Conclusion: RTQA scores are related to patients' local control rates in head and neck cancer radiotherapy.

Keywords: radiotherapy, quality assurance, treatment outcomes, clinical trial, contour, dose

Introduction

Clinical trial quality assurance (QA) programs have been shown to be vital in ensuring that inter-institutional differences do not dilute trial results (1). In large multi-institutional trials, credible assessment of the comparative role of radiation therapy (RT) is only possible if the delivered RT is well-documented and sufficiently homogeneous in its delivery. Furthermore, it has been demonstrated that non-adherence to protocol-specified RT requirements for plan quality is associated with reduced survival and local tumor control, and can potentially lead to increased toxicity (27).

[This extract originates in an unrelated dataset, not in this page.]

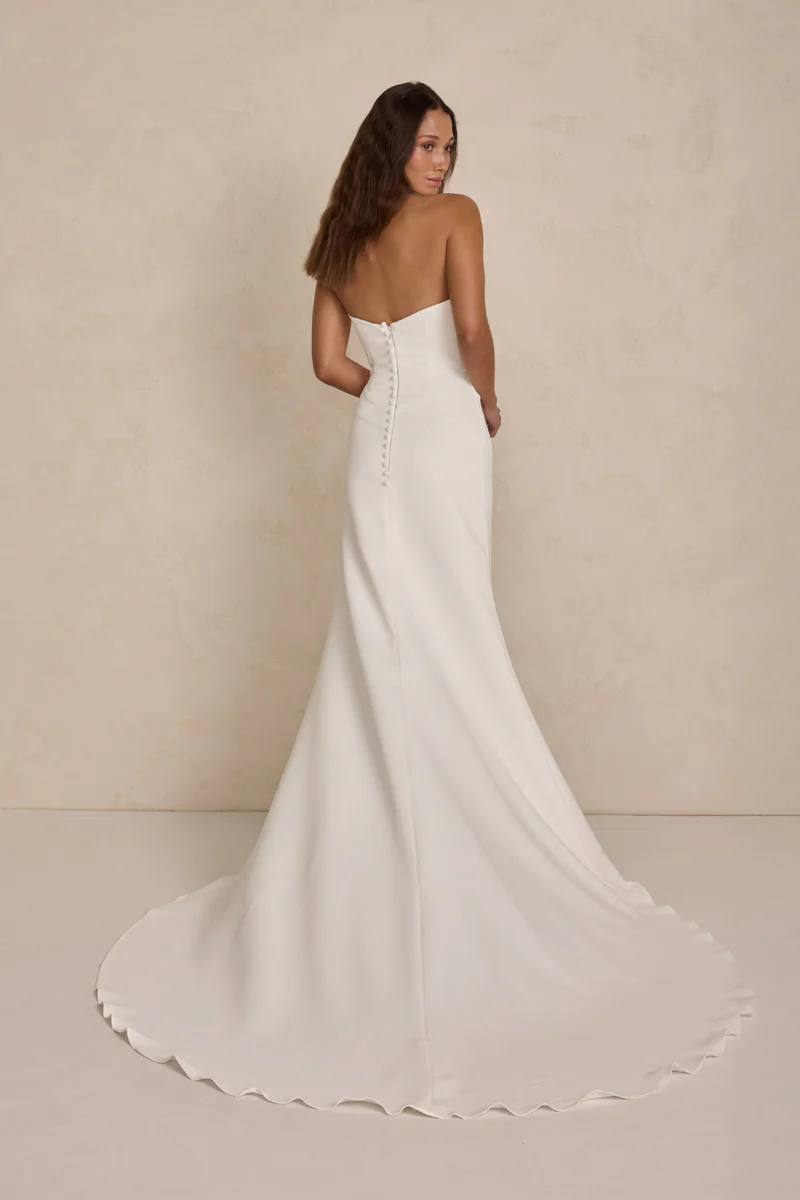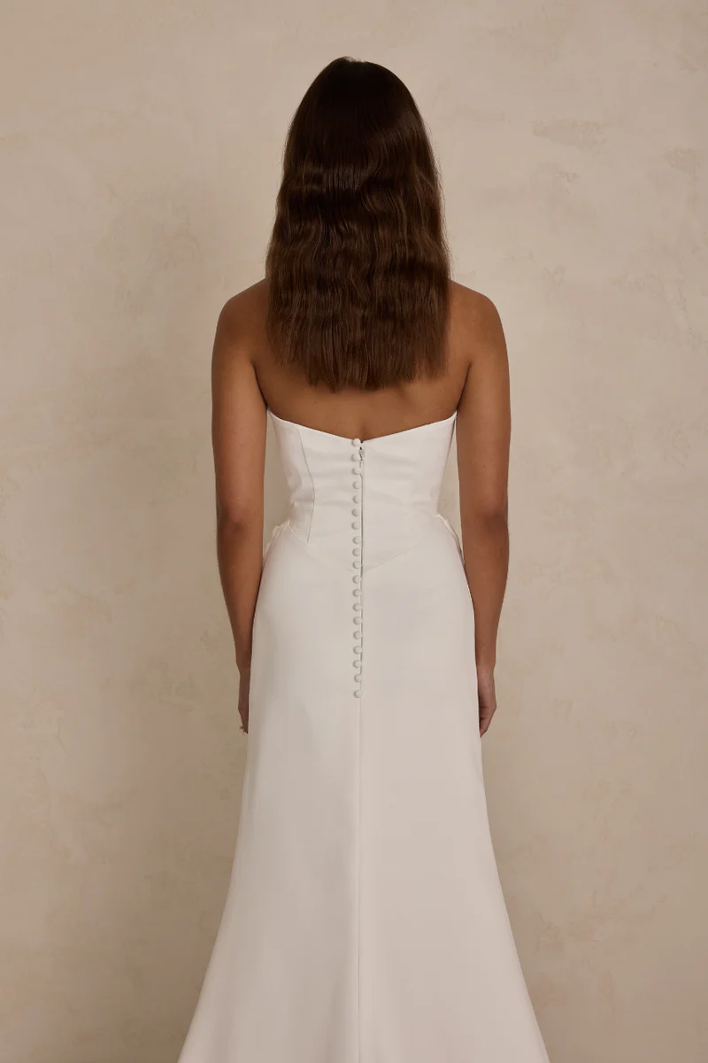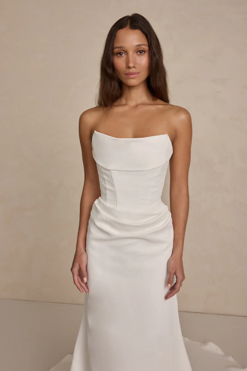 Elegant and architectural, the Knox is a fresh take on timeless sophistication. Featuring a newly developed bodice pattern inspired by our iconic Celine dress, Knox offers a refined silhouette with internal boning for structure and support. A soft, sculptural cowl detail graces the front bodice, adding a touch of modern romance.

Most RTOG clinical trials have a radiation therapy quality assurance (RTQA) process that evaluates RT scores (contour, dose distribution) retrospectively or prospectively. Quality assurance is a resource intensive process, both from the institutions' and from the clinical trial QA centers' perspective. Furthermore, radiation therapy is a field utilizing rapidly evolving technologies such as the introduction over the last few decades of the electronic portal imaging device (EPID), the multileaf collimator (MLC), delivery technologies of intensity modulated radiation therapy (IMRT), volumetric-modulated arc therapy (VMAT) and cone-beam computed tomography (CBCT) for image guided radiotherapy (IGRT). Ensuring high quality implementation of these technologies has tremendously increased the workload for the entire radiotherapy team, and, thus, different QA procedures need to be prioritized (8). How to determine which QA methodology is relevant and efficient is of crucial significance.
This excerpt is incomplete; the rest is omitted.